I have no clue why I am sharing this very personal experience in a very public forum except maybe because writing is the strongest form of catharsis for me and also perhaps to make an appeal:

If there is a friend whom you have not spoken to in a while and have been meaning to call - pick up the phone. Do it now.

If you have been meaning to take up a hobby but just have not found the time yet - Do it now.

If you have been meaning to say something to someone but the time just did not feel right - Do it now.

If you feel like chasing your dreams and turning your passion into profession but are not sure if it would be the right thing to do - atleast give it a try. Do it now.

Living life without regrets is the only way to live it. Maybe the behaviour or action will be considered impulsive or even wrong by everyone else but if it brings you happiness without hurting anybody - do it now. Following your heart every moment of your life is perhaps the biggest gift you can give to yourself. Maybe the logical thinkers will want to crucify me for even suggesting such a thing - they are entitled to their views - just like I am entitled to mine.

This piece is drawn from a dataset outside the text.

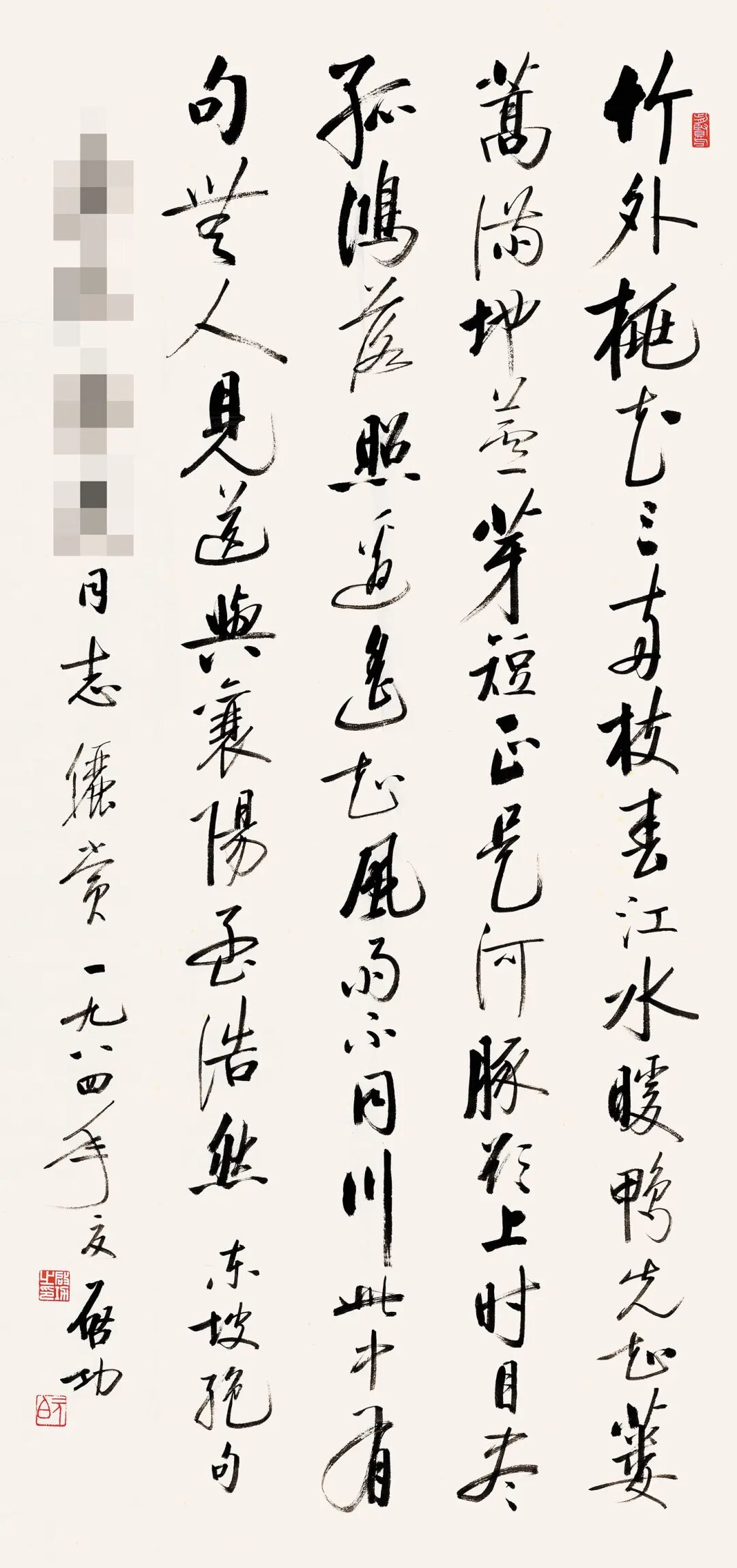 款识:东坡绝句。□□、□□同志俪赏。一九八四年夏,启功。

*As I see the rain pouring down and feel the cool breeze soothing my parched soul, I feel this strong urge to step out and take a walk in the rain. Everybody else around me is huddling under shelters - protecting themselves against this downpour. My mind shouts - you know you have a perpetual throat problem and getting drenched is not a good idea - I repeat 'Not' a good idea. My heart smiles and softly whispers - go ahead - Do it now. I ended up in bed - sore throat, severe cough, runny nose, constant headache, throat infection induced fever. Was the momentary insanity worth all this? U bet!!!! :-)





1 comment:

aditi said...

My Dida is above 90 years in age...when I see her, rarely, I can't figure whether she enjoys my company anymore, but I sure can figure that she enjoys the knowledge that I am around, that itself proves a great source of joy to her. I should see her soon.